◆ Goal of the exercise ◆
Look below for the line with "Главная фишка локации" and the line with "3️⃣鸡翅腌制好以后,沥出牛奶,打入一个鸡蛋和面粉,用手抓匀,裹上玉米淀粉。". Copy exactly those two lines and every line between, but not the pictures.

Extracted records:
****

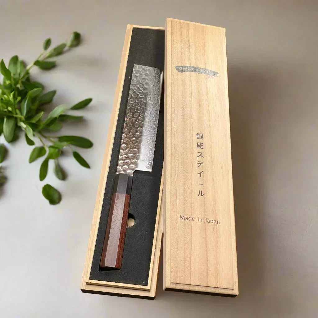 Literally means “vegetable knife” in its original Japanese name, it is specifically for cutting vegetables. It is suitable for chopping and dicing ingredients because there is no tip and the blade is straight. Historically, it has been used on a daily basis by the general population as it was designated as the easy-to-use knife for everyone. The blade has no curvature and the straight blade is easy to sharpen and handle. Unless the person is familiar, it is often hard to cleanly sharpen a knife with curves; however, there is no worry with this type of vegetable knife.
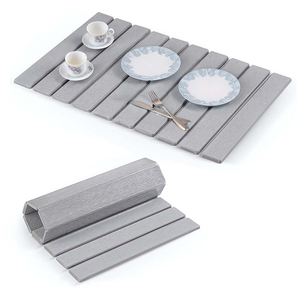 - [COLLAPSIBLE DESIGN]: The size of the dishes drying mat is 23 "x 16". After folding, the length is reduced to 4 ", can be easily placed in most kitchen drawers or cabinets. No more cluttered countertops - with this collapsible and space saving design, keep your kitchen tidy and organized.
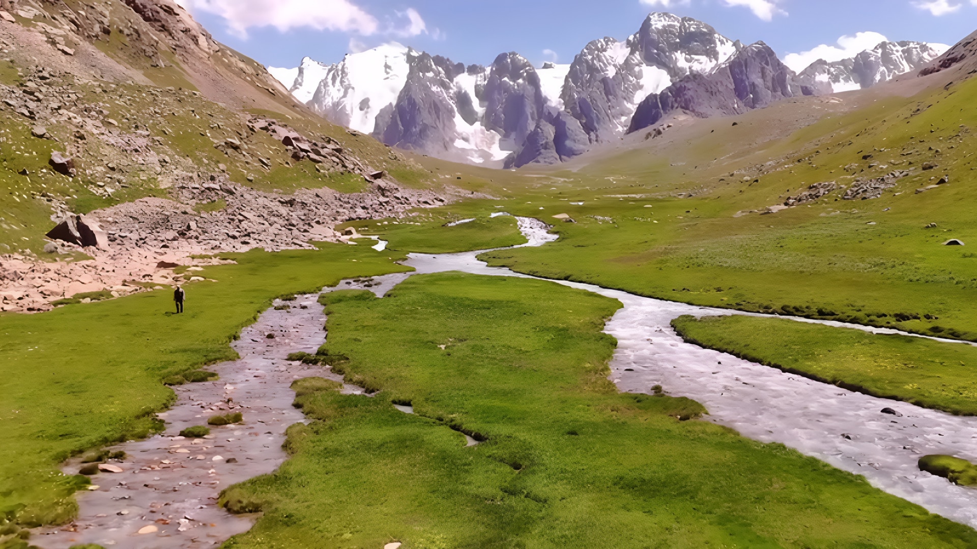 Главная фишка локации – масштаб и рельеф. В верхней части маршрута открываются ледники, горные стены и широкая долина реки. Все это больше напоминает Альпы. А по пути к ним – красивые реки, пастбища, лошади, юрты и длинная долина, которая постепенно сужается к ледникам.
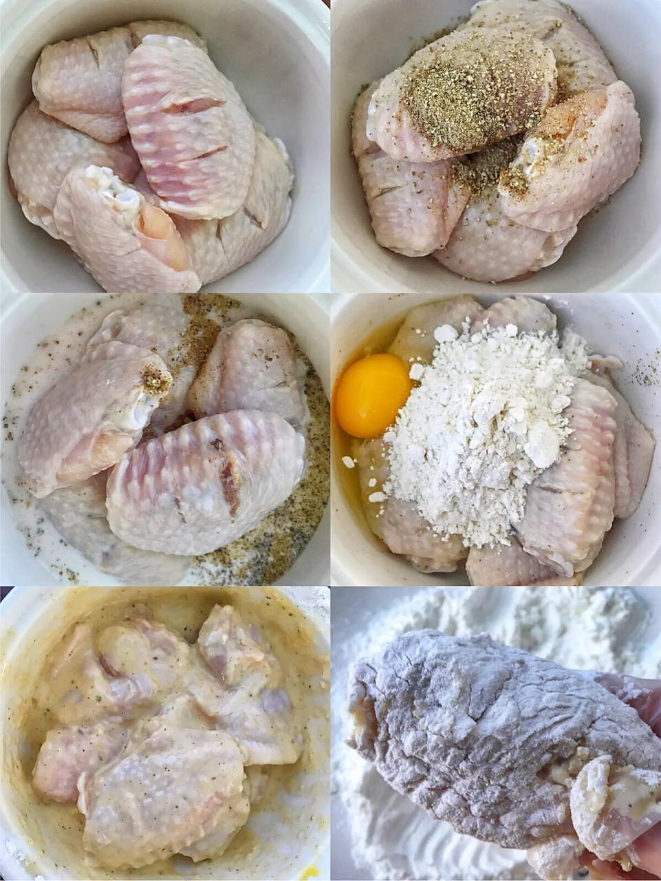 3️⃣鸡翅腌制好以后,沥出牛奶,打入一个鸡蛋和面粉,用手抓匀,裹上玉米淀粉。
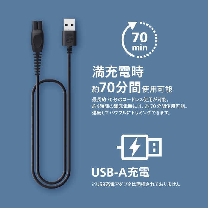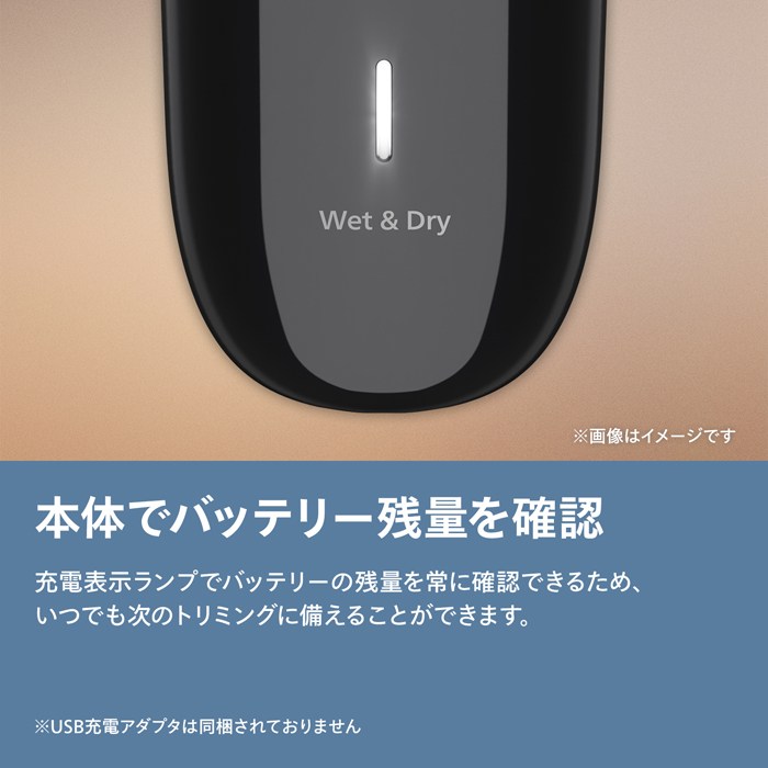 充電表示ランプでバッテリーの残量や充電中の状態を確認できるため、 いつでも次のトリミングに備えることができます。 (USB充電アダプタは同梱されておりません。)
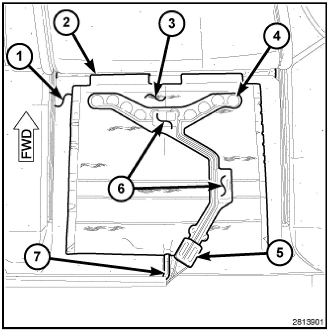 6. Route the ODS pigtail wires that exit the back of the hot melt block (5) through the recess (7) at the back of the seat cushion foam.
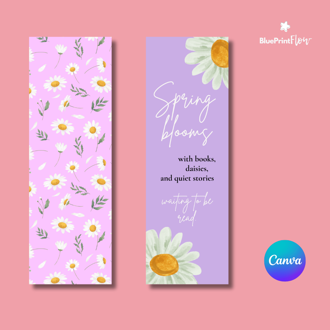 Cute Daisy Flowers Floral Spring Bookmark Canva Template Design
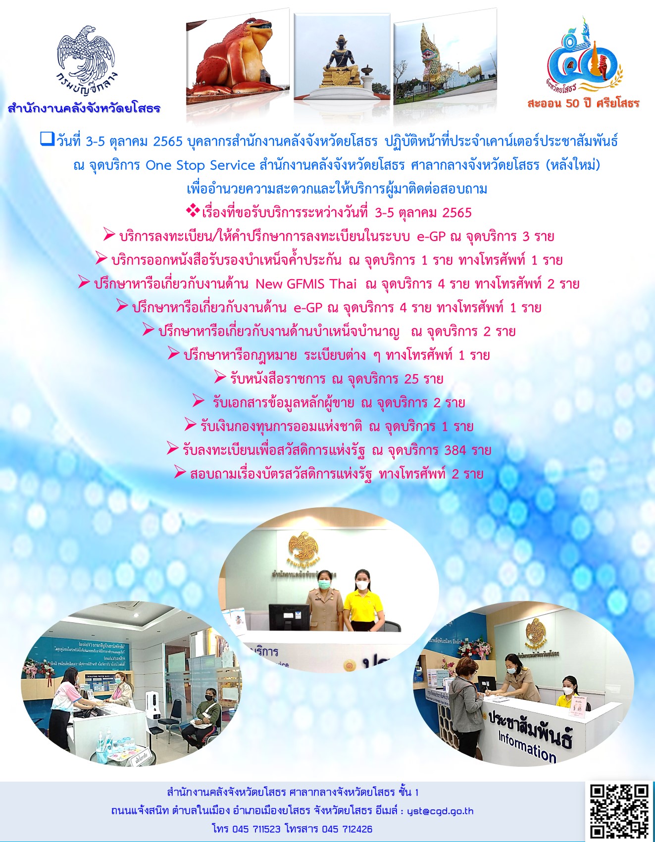วันที่ 3-5 ตุลาคม 2565 บุคลากรสำนักงานคลังจังหวัดยโสธร ปฏิบัติหน้าที่ประจำเคาน์เตอร์ประชาสัมพันธ์ ณ จุดบริการ One Stop Service สำนักงานคลังจังหวัดยโสธร ศาลากลางจังหวัดยโสธร (หลังใหม่) เพื่ออำนวยความสะดวกและให้บริการผู้มาติดต่อสอบถาม

****

◆ Task result ◆
 Главная фишка локации – масштаб и рельеф. В верхней части маршрута открываются ледники, горные стены и широкая долина реки. Все это больше напоминает Альпы. А по пути к ним – красивые реки, пастбища, лошади, юрты и длинная долина, которая постепенно сужается к ледникам.
 3️⃣鸡翅腌制好以后,沥出牛奶,打入一个鸡蛋和面粉,用手抓匀,裹上玉米淀粉。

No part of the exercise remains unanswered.